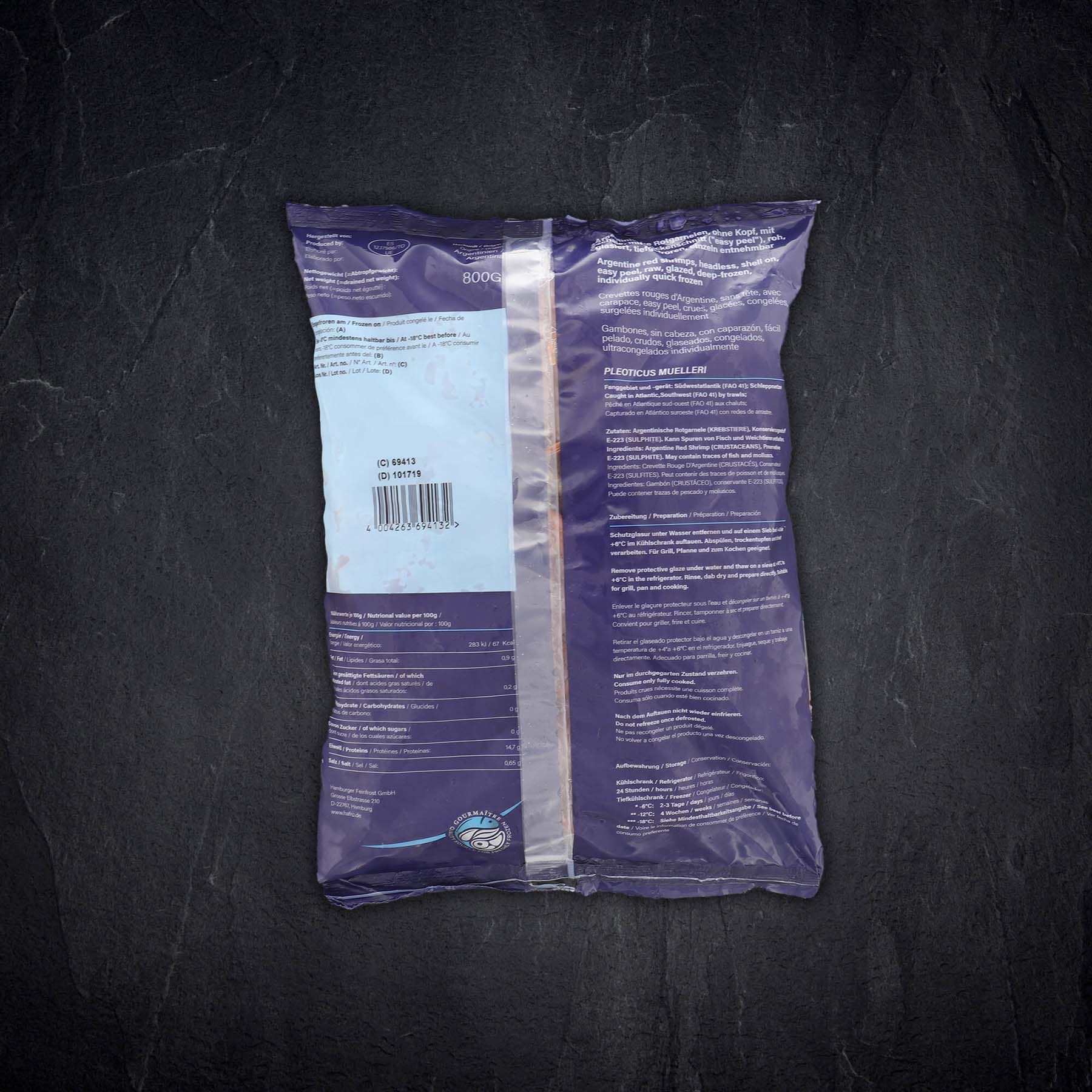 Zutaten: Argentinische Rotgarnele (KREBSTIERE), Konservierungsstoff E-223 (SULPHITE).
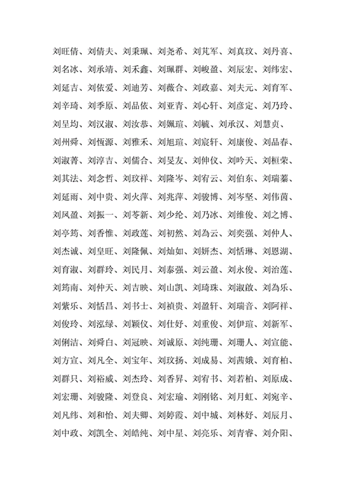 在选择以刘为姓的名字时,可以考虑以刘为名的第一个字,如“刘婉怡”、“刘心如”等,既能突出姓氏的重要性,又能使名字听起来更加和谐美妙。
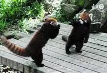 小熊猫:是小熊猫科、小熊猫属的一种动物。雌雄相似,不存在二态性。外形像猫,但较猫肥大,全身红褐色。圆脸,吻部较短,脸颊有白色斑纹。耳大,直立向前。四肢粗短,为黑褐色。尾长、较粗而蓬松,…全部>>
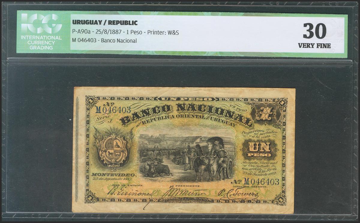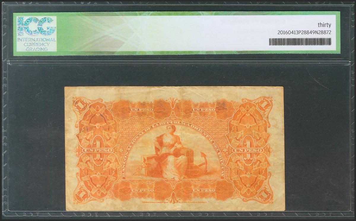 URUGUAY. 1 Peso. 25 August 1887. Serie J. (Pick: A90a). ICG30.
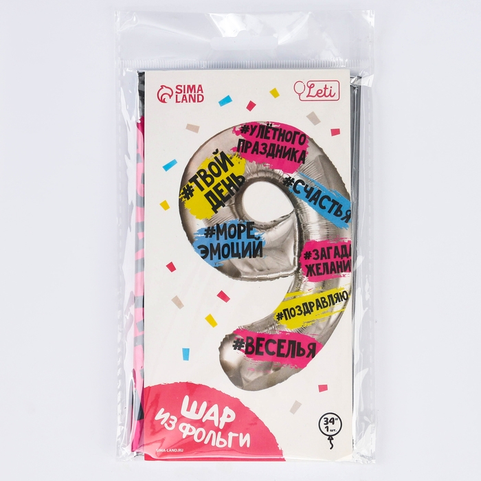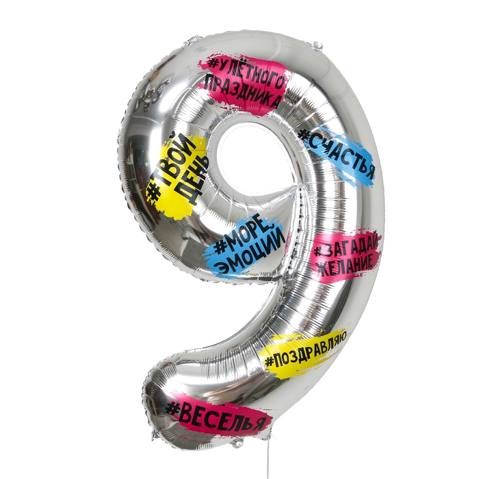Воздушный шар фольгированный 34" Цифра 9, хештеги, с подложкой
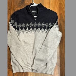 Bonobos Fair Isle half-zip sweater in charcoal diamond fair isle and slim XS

- - -

Hand back the records above exactly as they are, pictures excluded.

 Zutaten: Argentinische Rotgarnele (KREBSTIERE), Konservierungsstoff E-223 (SULPHITE).
 在选择以刘为姓的名字时,可以考虑以刘为名的第一个字,如“刘婉怡”、“刘心如”等,既能突出姓氏的重要性,又能使名字听起来更加和谐美妙。
 小熊猫:是小熊猫科、小熊猫属的一种动物。雌雄相似,不存在二态性。外形像猫,但较猫肥大,全身红褐色。圆脸,吻部较短,脸颊有白色斑纹。耳大,直立向前。四肢粗短,为黑褐色。尾长、较粗而蓬松,…全部>>
 URUGUAY. 1 Peso. 25 August 1887. Serie J. (Pick: A90a). ICG30.
Воздушный шар фольгированный 34" Цифра 9, хештеги, с подложкой
 Bonobos Fair Isle half-zip sweater in charcoal diamond fair isle and slim XS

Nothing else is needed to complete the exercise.